WHAT THE TASK REQUIRES – Copy the data below exactly, omitting any picture it contains.

*** DATA PROVIDED ***

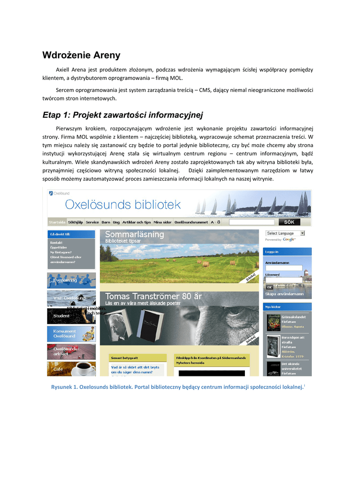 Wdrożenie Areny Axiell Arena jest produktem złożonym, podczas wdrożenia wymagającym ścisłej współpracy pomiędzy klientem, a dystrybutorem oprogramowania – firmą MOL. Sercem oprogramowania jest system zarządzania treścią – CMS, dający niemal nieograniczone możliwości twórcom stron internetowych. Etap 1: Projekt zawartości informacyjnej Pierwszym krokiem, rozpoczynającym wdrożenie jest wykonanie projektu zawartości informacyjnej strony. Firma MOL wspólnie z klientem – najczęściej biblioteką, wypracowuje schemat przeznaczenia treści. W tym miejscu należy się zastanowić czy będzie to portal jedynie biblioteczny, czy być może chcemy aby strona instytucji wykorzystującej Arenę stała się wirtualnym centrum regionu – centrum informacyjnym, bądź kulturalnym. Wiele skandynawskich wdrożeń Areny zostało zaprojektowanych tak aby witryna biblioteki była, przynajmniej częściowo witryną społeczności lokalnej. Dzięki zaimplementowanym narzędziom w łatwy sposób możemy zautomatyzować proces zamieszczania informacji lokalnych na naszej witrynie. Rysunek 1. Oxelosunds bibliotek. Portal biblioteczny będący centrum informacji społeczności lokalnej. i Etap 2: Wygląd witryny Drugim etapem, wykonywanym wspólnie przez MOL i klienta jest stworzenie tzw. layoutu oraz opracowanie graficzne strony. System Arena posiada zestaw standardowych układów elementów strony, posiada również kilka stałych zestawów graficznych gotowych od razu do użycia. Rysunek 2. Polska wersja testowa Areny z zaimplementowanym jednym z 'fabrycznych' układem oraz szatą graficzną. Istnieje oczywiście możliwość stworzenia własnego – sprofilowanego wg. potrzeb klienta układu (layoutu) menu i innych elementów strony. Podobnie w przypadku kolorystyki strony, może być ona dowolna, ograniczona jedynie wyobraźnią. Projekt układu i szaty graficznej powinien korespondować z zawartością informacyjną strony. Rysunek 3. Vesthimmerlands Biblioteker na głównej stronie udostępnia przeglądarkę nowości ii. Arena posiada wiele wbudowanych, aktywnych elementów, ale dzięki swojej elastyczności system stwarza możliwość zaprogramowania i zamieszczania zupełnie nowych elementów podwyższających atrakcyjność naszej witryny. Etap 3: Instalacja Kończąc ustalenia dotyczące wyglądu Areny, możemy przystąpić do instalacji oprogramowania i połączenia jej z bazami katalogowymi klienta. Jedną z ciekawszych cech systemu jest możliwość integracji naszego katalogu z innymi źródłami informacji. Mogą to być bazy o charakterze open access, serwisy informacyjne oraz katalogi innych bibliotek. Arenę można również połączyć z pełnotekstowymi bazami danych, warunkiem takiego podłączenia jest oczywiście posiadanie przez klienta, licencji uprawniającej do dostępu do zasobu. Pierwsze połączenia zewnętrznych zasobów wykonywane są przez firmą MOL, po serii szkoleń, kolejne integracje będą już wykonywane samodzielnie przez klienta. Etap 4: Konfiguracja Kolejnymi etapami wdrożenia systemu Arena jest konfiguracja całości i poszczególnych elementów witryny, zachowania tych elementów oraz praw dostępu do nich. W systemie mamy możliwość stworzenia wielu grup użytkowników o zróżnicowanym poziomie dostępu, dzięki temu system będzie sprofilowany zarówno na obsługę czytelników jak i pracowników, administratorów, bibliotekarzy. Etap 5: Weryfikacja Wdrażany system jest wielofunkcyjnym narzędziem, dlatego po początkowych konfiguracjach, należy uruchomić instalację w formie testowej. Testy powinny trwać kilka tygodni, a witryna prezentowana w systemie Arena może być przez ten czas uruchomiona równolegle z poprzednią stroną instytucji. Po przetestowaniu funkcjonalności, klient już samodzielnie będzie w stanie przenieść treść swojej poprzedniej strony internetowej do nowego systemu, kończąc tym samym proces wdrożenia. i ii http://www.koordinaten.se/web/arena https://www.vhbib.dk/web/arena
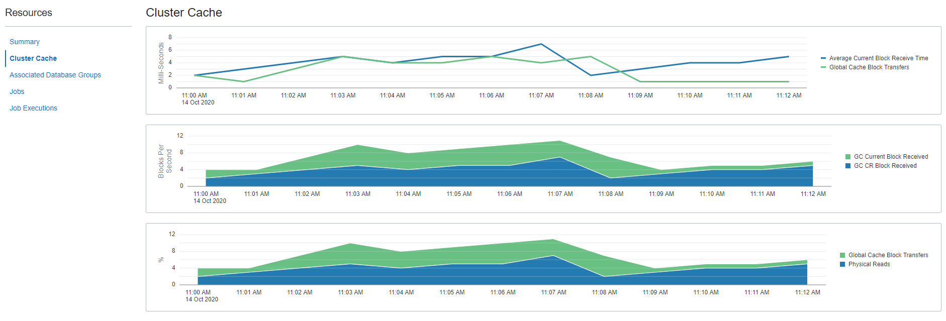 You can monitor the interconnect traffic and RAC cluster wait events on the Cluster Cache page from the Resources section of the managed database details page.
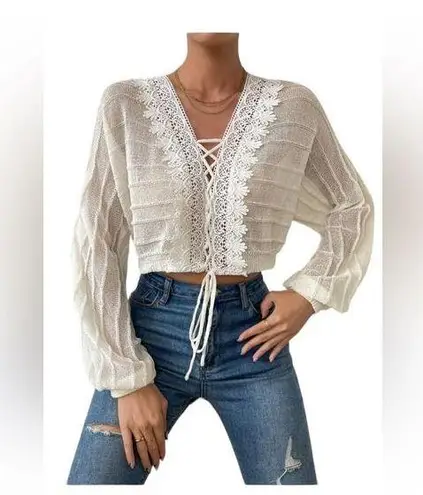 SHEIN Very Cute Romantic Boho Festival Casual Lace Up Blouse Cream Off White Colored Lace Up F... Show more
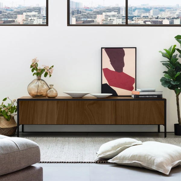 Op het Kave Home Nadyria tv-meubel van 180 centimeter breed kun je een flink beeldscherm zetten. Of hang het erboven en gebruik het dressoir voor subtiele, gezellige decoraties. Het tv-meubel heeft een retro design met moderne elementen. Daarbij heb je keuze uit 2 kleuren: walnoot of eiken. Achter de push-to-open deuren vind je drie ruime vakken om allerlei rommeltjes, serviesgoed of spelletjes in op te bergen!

***

SOLUTION TO THIS EXERCISE –
 Wdrożenie Areny Axiell Arena jest produktem złożonym, podczas wdrożenia wymagającym ścisłej współpracy pomiędzy klientem, a dystrybutorem oprogramowania – firmą MOL. Sercem oprogramowania jest system zarządzania treścią – CMS, dający niemal nieograniczone możliwości twórcom stron internetowych. Etap 1: Projekt zawartości informacyjnej Pierwszym krokiem, rozpoczynającym wdrożenie jest wykonanie projektu zawartości informacyjnej strony. Firma MOL wspólnie z klientem – najczęściej biblioteką, wypracowuje schemat przeznaczenia treści. W tym miejscu należy się zastanowić czy będzie to portal jedynie biblioteczny, czy być może chcemy aby strona instytucji wykorzystującej Arenę stała się wirtualnym centrum regionu – centrum informacyjnym, bądź kulturalnym. Wiele skandynawskich wdrożeń Areny zostało zaprojektowanych tak aby witryna biblioteki była, przynajmniej częściowo witryną społeczności lokalnej. Dzięki zaimplementowanym narzędziom w łatwy sposób możemy zautomatyzować proces zamieszczania informacji lokalnych na naszej witrynie. Rysunek 1. Oxelosunds bibliotek. Portal biblioteczny będący centrum informacji społeczności lokalnej. i Etap 2: Wygląd witryny Drugim etapem, wykonywanym wspólnie przez MOL i klienta jest stworzenie tzw. layoutu oraz opracowanie graficzne strony. System Arena posiada zestaw standardowych układów elementów strony, posiada również kilka stałych zestawów graficznych gotowych od razu do użycia. Rysunek 2. Polska wersja testowa Areny z zaimplementowanym jednym z 'fabrycznych' układem oraz szatą graficzną. Istnieje oczywiście możliwość stworzenia własnego – sprofilowanego wg. potrzeb klienta układu (layoutu) menu i innych elementów strony. Podobnie w przypadku kolorystyki strony, może być ona dowolna, ograniczona jedynie wyobraźnią. Projekt układu i szaty graficznej powinien korespondować z zawartością informacyjną strony. Rysunek 3. Vesthimmerlands Biblioteker na głównej stronie udostępnia przeglądarkę nowości ii. Arena posiada wiele wbudowanych, aktywnych elementów, ale dzięki swojej elastyczności system stwarza możliwość zaprogramowania i zamieszczania zupełnie nowych elementów podwyższających atrakcyjność naszej witryny. Etap 3: Instalacja Kończąc ustalenia dotyczące wyglądu Areny, możemy przystąpić do instalacji oprogramowania i połączenia jej z bazami katalogowymi klienta. Jedną z ciekawszych cech systemu jest możliwość integracji naszego katalogu z innymi źródłami informacji. Mogą to być bazy o charakterze open access, serwisy informacyjne oraz katalogi innych bibliotek. Arenę można również połączyć z pełnotekstowymi bazami danych, warunkiem takiego podłączenia jest oczywiście posiadanie przez klienta, licencji uprawniającej do dostępu do zasobu. Pierwsze połączenia zewnętrznych zasobów wykonywane są przez firmą MOL, po serii szkoleń, kolejne integracje będą już wykonywane samodzielnie przez klienta. Etap 4: Konfiguracja Kolejnymi etapami wdrożenia systemu Arena jest konfiguracja całości i poszczególnych elementów witryny, zachowania tych elementów oraz praw dostępu do nich. W systemie mamy możliwość stworzenia wielu grup użytkowników o zróżnicowanym poziomie dostępu, dzięki temu system będzie sprofilowany zarówno na obsługę czytelników jak i pracowników, administratorów, bibliotekarzy. Etap 5: Weryfikacja Wdrażany system jest wielofunkcyjnym narzędziem, dlatego po początkowych konfiguracjach, należy uruchomić instalację w formie testowej. Testy powinny trwać kilka tygodni, a witryna prezentowana w systemie Arena może być przez ten czas uruchomiona równolegle z poprzednią stroną instytucji. Po przetestowaniu funkcjonalności, klient już samodzielnie będzie w stanie przenieść treść swojej poprzedniej strony internetowej do nowego systemu, kończąc tym samym proces wdrożenia. i ii http://www.koordinaten.se/web/arena https://www.vhbib.dk/web/arena
 You can monitor the interconnect traffic and RAC cluster wait events on the Cluster Cache page from the Resources section of the managed database details page.
 SHEIN Very Cute Romantic Boho Festival Casual Lace Up Blouse Cream Off White Colored Lace Up F... Show more
 Op het Kave Home Nadyria tv-meubel van 180 centimeter breed kun je een flink beeldscherm zetten. Of hang het erboven en gebruik het dressoir voor subtiele, gezellige decoraties. Het tv-meubel heeft een retro design met moderne elementen. Daarbij heb je keuze uit 2 kleuren: walnoot of eiken. Achter de push-to-open deuren vind je drie ruime vakken om allerlei rommeltjes, serviesgoed of spelletjes in op te bergen!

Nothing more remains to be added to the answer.